With this outline in mind, let’s start with the calculus of variations.

An example of a variational problem

Let’s introduce the calculus of variations through an example. What is the shortest path between two points on a plane, $(x_1, y_1)$ and $(x_2, y_2)$ ? We may intuit that the answer is a straight line, but there are an infinite number of such paths. Can we prove it? One way to formalize the problem is to consider all functions described by the equation

$y = f(x), \quad x_1 \leq x \leq x_2, \tag{1}$

subject to the constraint that

$f(x_1) = y_1, \quad f(x_2) = y_2. \tag{2}$

In words, the function can be arbitrarily curved, but it must be fixed at the endpoints (Figure $1\text{A}$ ). We will see that $f$ also needs to be continuously differentiable. If we imagine zooming in on a single path (Figure $1\text{B}$ ), we can approximate a finite but very small segments along that path as $\Delta s$ where

$\Delta s \approx \sqrt{(\Delta x)^2 + (\Delta y)^2}, \tag{3}$

by the Pythagorean theorem. This suggests an infinitesimal representation in terms of the derivative of the function $f$ ,

$\text{d}s = \sqrt{(\text{d}x)^2 + (\text{d}y)^2} = \sqrt{1 + (y^{\prime})^2} \,\text{d}x. \tag{4}$

In words, $(4)$ is the infinitesimal distance traveled by infinitesimal changes in the $(x, y)$ -coordinates as quantified by the first derivative $y^{\prime}$ . The total length of the path is given by integrating $(4)$ between the two endpoints,

$S = \int_{x_1}^{x_2} \sqrt{1 + (y^{\prime})^2} \,\text{d}x. \tag{5}$

Finding the shortest path is equivalent to finding the solution of the following minimization problem: among all functions $(1)$ that satisfy the contraint $(2)$ , find the one which minimizes $(5)$ .

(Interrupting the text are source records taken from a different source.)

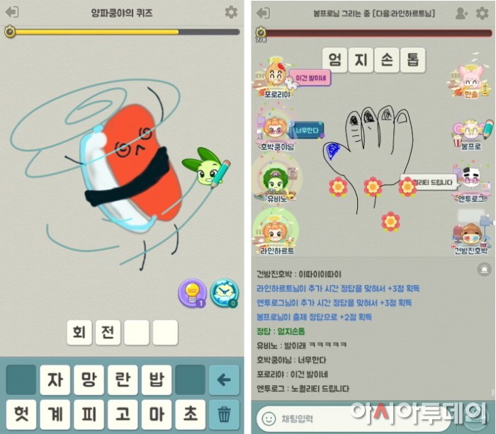 원작의 실시간 모드는 다각도로 진화했다. '모두의 퀴즈방', '동네 퀴즈방', '프리미엄 퀴즈방' 등 인원 단위로 확장돼 점수를 획득하고 랭킹을 가리는 방식이다.
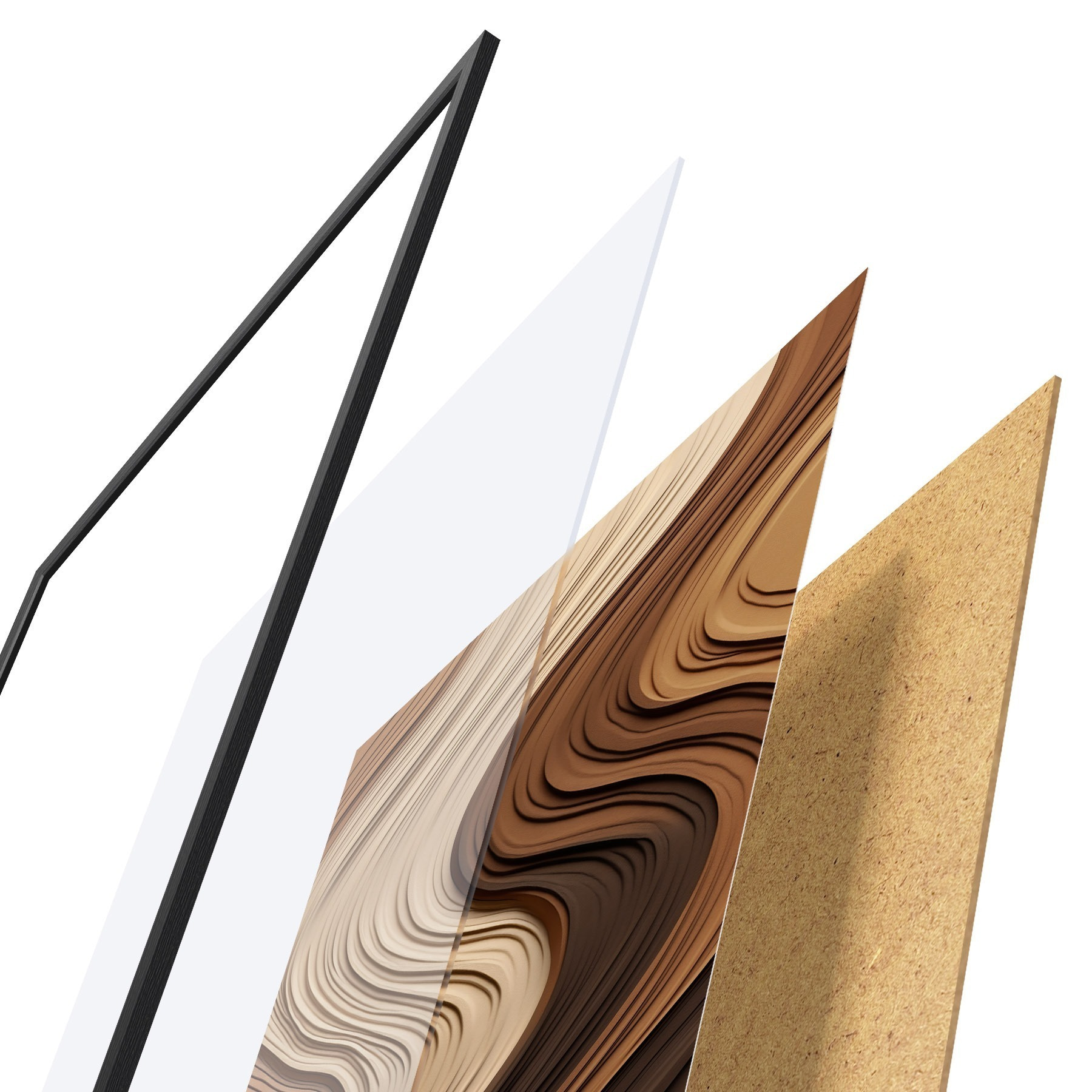 El póster consta de marco, plexiglás, imagen impresa y soporte de aglomerado. El póster puede colgarse inmediatamente en la pared gracias a los soportes de la parte posterior.
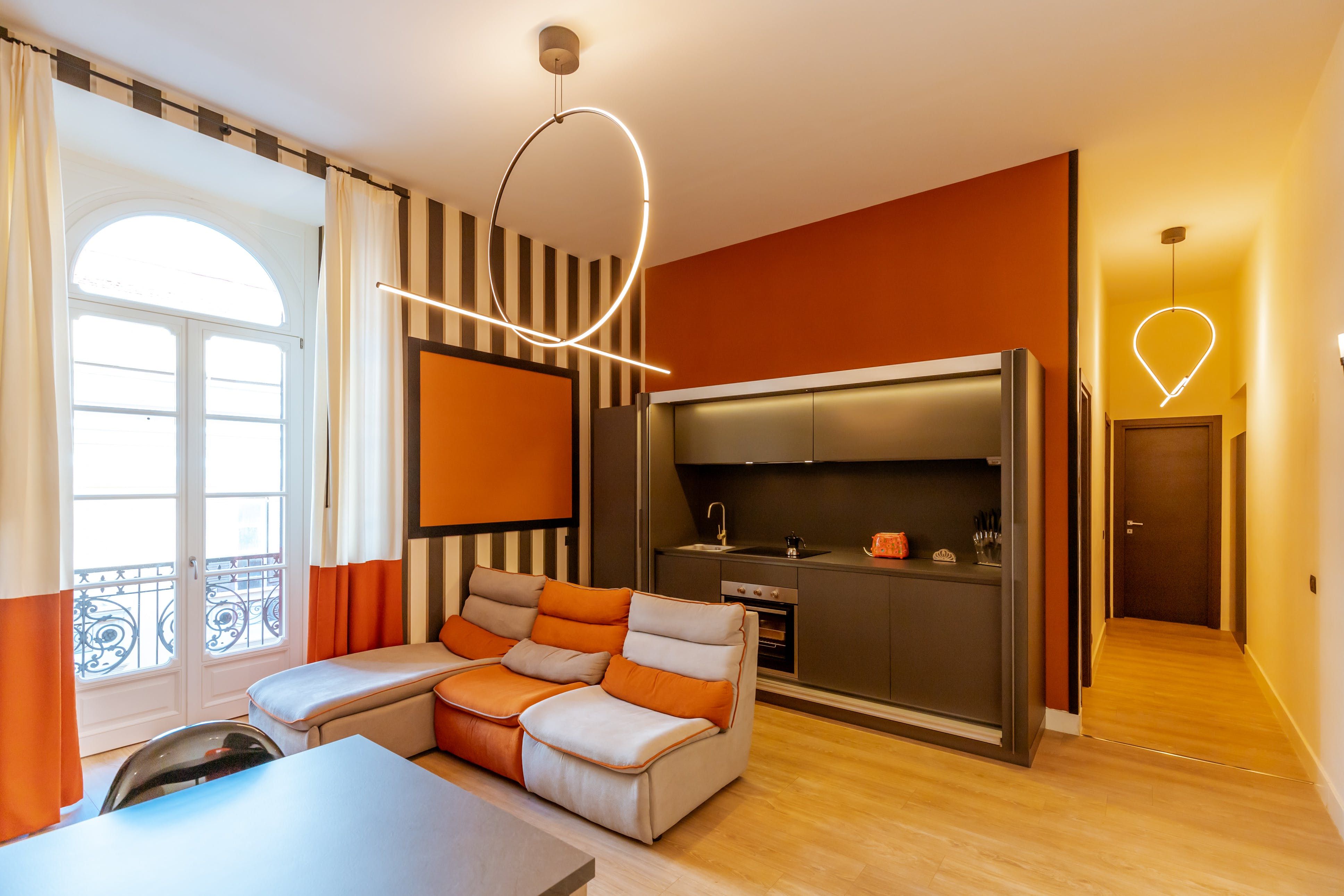 Located in a beautiful historic building in Naples' centre, this playful apartment is a memorable base to explore the bustling Italian city. When you arrive, you'll be instantly struck by the punchy decor – a palette of bright orange, black and off-white creates a dynamic, interesting space.
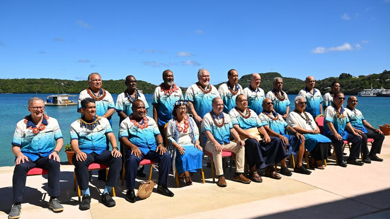 Pacific leaders were left waiting in the hot sun for the traditional family photo by Mr Albanese, who was late to take his place.
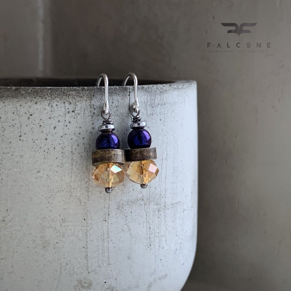 Kolczyki ze srebra, mosiądzu, kamieni i szkła. Kolczyki w nowoczesnej, nietuzinkowej formie. Fasetowane oponki z przejrzystego szkła w kolorze szampana, tworzą kompozycję z gładkimi kuleczkami hematytu, w kolorze ciemnego fioletu. Całość dopełnia nowoczesna kryza w stylu retro, z mosiądzu, patynowanego nierównomiernie na gorzki brąz. Bigle typu haki z polerowanego srebra 925. Średnica oponek to ok. 8 mm. Długość kolczyków to ok. 3 cm.

Figure 1. (A) Many paths between two points,

(x_1, y_1)

and

(x_2, y_2)

. (B) A linear approximation of a small but finite section of a possibly curved line.

The integrated term in $(5)$ is called a functional. If every number $x$ in a set $\mathcal{X}$ corresponds to a number $y$ , we say there is defined on the set $\mathcal{X}$ a function $y = f(x)$ and that $\mathcal{X}$ is its domain. A functional is a natural generalization of this concept where $\mathcal{X}$ is a set of mathematical objects of any kind. Thus, a generalization of $(5)$ is

$S = \int_{x_1}^{x_2} F(x, y, y^{\prime}, \dots) \,\text{d}x. \tag{6}$

This notation means that the functional $F$ may have an explicit dependence on $x$ , in addition to the implicit dependencies through $y$ , $y^{\prime}$ , and so forth. In our example, the functional only depends on $y^{\prime}$ .

Since maximizing $F(x)$ is equivalent to minimizing $-F(x)$ , the distinction between maxima and minima is not interesting for functionals, and without loss of generality we focus on minimization. In our case, $F$ outputs distance, and therefore minimizing the integral minimizes total distance. However, if $F$ were an expression of time, then minimizing $F$ would represent minimizing total time. For example, Fermat’s principle, also called the principle of least time, states that the path a ray takes between two points minimizes total time. The Brachistochrone curve is the curve of fastest descent, assuming a frictionless surface and a uniform gravitional field.

These types of problems can all be solved using the calculus of variations. In elementary calculus, a function is stationary when its derivative is zero at a point $x_0$ , meaning it attains a minimum or maximum. In the calculus of variations, a functional is stationary for a particular function $f_0$ when it attains a minimum or maximum.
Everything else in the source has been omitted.